Siegfried development benchmarks
Sun, 06 Nov 2022 16:53:56 UTC
Environment
These benchmarks were automatically run on a m3.small.x86 machine provisioned from https://www.packet.net/.
Specs for the m3.small.x86: 8 cores @ 2.8 GHz, 64GB RAM, 960 GB SSD.
You can inspect the commands that were run to generate these benchmarks here.
Tool | Version |
---|---|
master | siegfried 1.9.6 /root/siegfried/default.sig (2022-11-06T17:44:52+01:00) identifiers: - pronom: DROID_SignatureFile_V109.xml; container-signature-20221102.xml |
develop | siegfried 1.9.6 /root/siegfried/dev.sig (2022-11-06T16:53:56Z) identifiers: - pronom: DROID_SignatureFile_V109.xml; container-signature-20221102.xml |
iPRES Systems Showcase
A corpus created for the 2014 iPRES conference comprising 2,206 files (5GB). Represents a range of formats, including AV and some uncommon types. Sourced from http://www.webarchive.org.uk/datasets/ipres.ds.1/
Tool | Description | Duration |
---|---|---|
master | Master branch of github.com/richardlehane/siegfried. Corresponds to latest production release. | 8.463717426s |
develop | Develop branch of github.com/richardlehane/siegfried. Tip of development and potentially unstable. | 8.577763438s |
The tools differed in output for 0 files in the corpus.
PRONOM files
A corpus created by Greg Lepore and comprising 1,205 files (2.1GB). Includes a single sample of as many of the PRONOM IDs (PUIDs) that Greg could find.

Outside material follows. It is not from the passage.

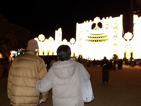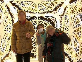 そこから少し東遊園地を散策。イルミネーションの中に入り光に囲まれます。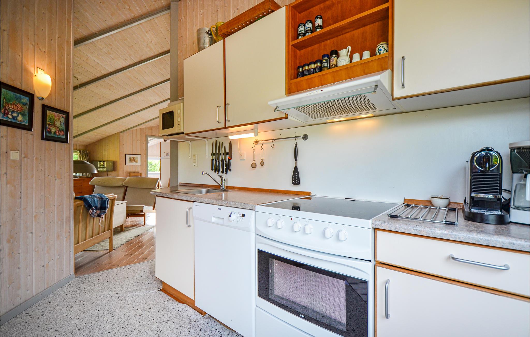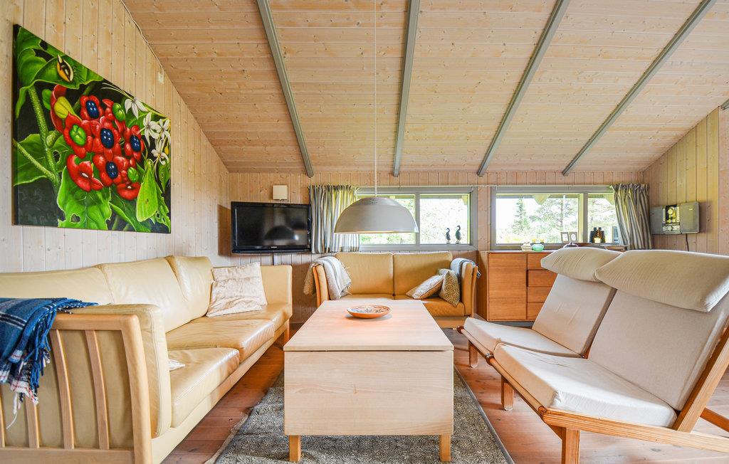Hier können Sie Ferien im gemütlichen Holzhaus für 6 Personen erleben. 3 Schlafzimmer bieten genug Platz und Komfort für alle Gäste. Es befindet sich in der attraktiven, hoch gelegenen und hügeligen Gegend Stødov Bakker. Hier finden Sie viele Aktivitätsmöglichkeiten wie lange Spaziergänge oder Läufe am Steinstrand. Die Gegend bietet eine reiche Tierwelt, manchmal kommen tierische Besucher bis an das Haus heran. Das Domizil ist freundlich und hell eingerichtet und strahlt durch das Holzinterior Gemütlichkeit aus. Nach einem langen Tag im Freien können Sie wunderbar vor dem Kaminofen, im Massage-Whirlpool oder in der heißen Sauna entspannen.

Tool | Description | Duration |
---|---|---|
master | Master branch of github.com/richardlehane/siegfried. Corresponds to latest production release. | 2.239392571s |
develop | Develop branch of github.com/richardlehane/siegfried. Tip of development and potentially unstable. | 2.162862555s |
The tools differed in output for 0 files in the corpus.
Govdocs (Selected)
A selection from the Govdocs1 corpus comprising 26,124 files (31.4GB). Represents typical office formats, including approx. 15,000 PDFs. Originally sourced from http://openpreservation.org/blog/2012/07/26/1-million-21000-reducing-govdocs-significantly/
Tool | Description | Duration |
---|---|---|
master | Master branch of github.com/richardlehane/siegfried. Corresponds to latest production release. | 1m28.387702183s |
develop | Develop branch of github.com/richardlehane/siegfried. Tip of development and potentially unstable. | 1m28.236516045s |
The tools differed in output for 0 files in the corpus.
The Deluxe
This benchmark checks multi-ID identification using the deluxe.sig signature file which contains four identifiers: PRONOM, LOC FDDs, freedesktop.org and tika-mimetypes. This benchmark is run against the PRONOM files corpus.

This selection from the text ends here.